To support environments with high cardinality, Bufstream supports aggregating metrics for topics, partitions, and consumer groups. To configure aggregation in the Helm chart, use the following settings:
observability:
metrics:
aggregation:
# If true, per-topic metrics won't be reported but aggregated across all topics and partitions.
# Metrics that don't support aggregation such as `bufstream.kafka.topic.partition.offset.high_water_mark` won't be reported.
topics: false
# If true, per-partition metrics won't be reported but aggregated across all partitions.
# Metrics that don't support aggregation such as `bufstream.kafka.topic.partition.offset.high_water_mark` won't be reported.
partitions: false
# If true, per-consumer group metrics won't be reported but aggregated across all consumer groups.

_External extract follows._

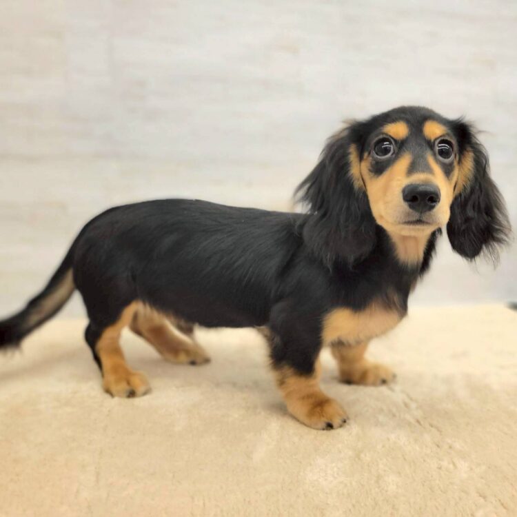 誕生日:2025.9.30 性別:男の子 毛色:ブラックタン 2/12現在体重:3kg パパ:ブラック&イエロー 4.4kg ママ:ゴールド 3.5kg チャームポイントは大きなお目目👀✨✨✨ 眉毛も大きく顔立ちくっきりで お顔の輪郭も綺麗で凛々しく凄く美形です✨✨✨ ボディは筋肉質ガチムチボディ💪🏻💪🏻 (ちょっぴり?お肉が付いてるのは内緒🙊) 姉妹店に入店時からしっかり食べて パンパンになったお腹の状態でも まだ食べる〜〜!!!!とダックスの食いしん坊さ 全面に出してぽてぽてお腹のまま全速力でお部屋走っていました🤭 日中は湯たんぽやヒーターの上で ぬくぬくしながら寝てることも多く ガラス越しでも目が合うと しっぽブンブンですぐにヘソ天して 撫でて〜〜と甘えてきてくれます🫠️🩵 性格も落ち着いていてあまり鳴くこともなく ご飯の時もじーっとお部屋でくつろぎながら 待ってくれています☺️ |

# Metrics that don't support aggregation such as `bufstream.kafka.consumer.group.offset` won't be reported.
consumerGroups: false
# If true, per-principal metrics won't be reported but aggregated across all principal IDs.
principalIDs: false
If aggregation is enabled, Bufstream reports the following attributes with metrics:
Aggregation | Attribute name | Attribute value |
---|---|---|
Consumer Groups | kafka.consumer.group.id | _all_groups_ |
Topics | kafka.topic.name | _all_topics_ |
Topics or partitions | kafka.topic.partition | -1 |
Principal IDs | authentication.principal_id | _all_principal_ids_ |